To keep things simple, we drop those countries:

qog %>% 
  filter(!(cname %in% c("Chile","Indonesia",
                                        "Syrian Arab Republic (the)",
                                        "Congo (the Democratic Republic of the)"))) -> qog

Now the cname and year variables should uniquely identify each observation:

qog %>% 
  {anyDuplicated(select(., cname,year)) == 0}

[1] TRUE

Which countries and years are covered?

Let’s now check which time periods the two datasets cover. Starting with the conflict dataset, we get:

min(ged$year_cy)

[1] 1989

max(ged$year_cy)

[1] 2024

In the case of the QoG data, we get:

min(qog$year)

[1] 1946

max(qog$year)

[1] 2024

Both datasets end in 2024, but the UCPD conflict dataset covers only the period after the fall of the Berlin Wall while the QoG dataset goes back to the year after World War II.

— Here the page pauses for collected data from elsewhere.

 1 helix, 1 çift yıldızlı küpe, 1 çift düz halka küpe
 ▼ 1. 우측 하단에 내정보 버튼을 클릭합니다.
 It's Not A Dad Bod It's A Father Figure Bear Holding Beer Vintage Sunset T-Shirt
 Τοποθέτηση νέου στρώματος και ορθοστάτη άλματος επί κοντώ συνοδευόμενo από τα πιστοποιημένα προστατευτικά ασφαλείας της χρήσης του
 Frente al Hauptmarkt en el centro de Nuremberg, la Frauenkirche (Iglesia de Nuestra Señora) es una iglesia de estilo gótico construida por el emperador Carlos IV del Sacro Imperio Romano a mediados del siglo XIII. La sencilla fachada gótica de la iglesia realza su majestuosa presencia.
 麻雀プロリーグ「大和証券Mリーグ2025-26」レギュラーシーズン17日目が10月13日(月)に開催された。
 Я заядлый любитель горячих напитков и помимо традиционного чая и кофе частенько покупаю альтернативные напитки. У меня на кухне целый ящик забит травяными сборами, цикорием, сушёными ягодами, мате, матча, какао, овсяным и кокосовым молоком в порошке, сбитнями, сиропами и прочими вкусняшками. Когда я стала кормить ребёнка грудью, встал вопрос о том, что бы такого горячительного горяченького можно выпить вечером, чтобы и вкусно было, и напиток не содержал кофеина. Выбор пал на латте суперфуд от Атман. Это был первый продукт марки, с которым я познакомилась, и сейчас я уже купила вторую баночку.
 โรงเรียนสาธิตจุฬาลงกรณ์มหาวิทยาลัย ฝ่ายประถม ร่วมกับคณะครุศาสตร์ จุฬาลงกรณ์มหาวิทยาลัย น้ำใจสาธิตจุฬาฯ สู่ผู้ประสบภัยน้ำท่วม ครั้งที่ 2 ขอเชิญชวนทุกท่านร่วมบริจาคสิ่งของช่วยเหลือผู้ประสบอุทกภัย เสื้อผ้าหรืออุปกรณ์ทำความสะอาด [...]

To make the datasets more compatible, we can now drop the years prior to 1989 from the QoG dataset:

qog %>%
  filter(year>=1989) -> qog

We can now, theoretically, check which countries are covered by each dataset with unique(), but this results in long lists of countries. To make this easier, we can start by looking at the number of countries in each dataset:

length(unique(ged$country_cy))

[1] 199

length(unique(qog$cname))

[1] 197

The UCPD dataset covers two more countries than the QoG dataset.

We can also see more in detail which countries (or, perhaps, country names) are included only in one but not in both datasets. To do that, we can use the setdiff() function from base R, which shows for any two vectors the items that are contained in one but not the other.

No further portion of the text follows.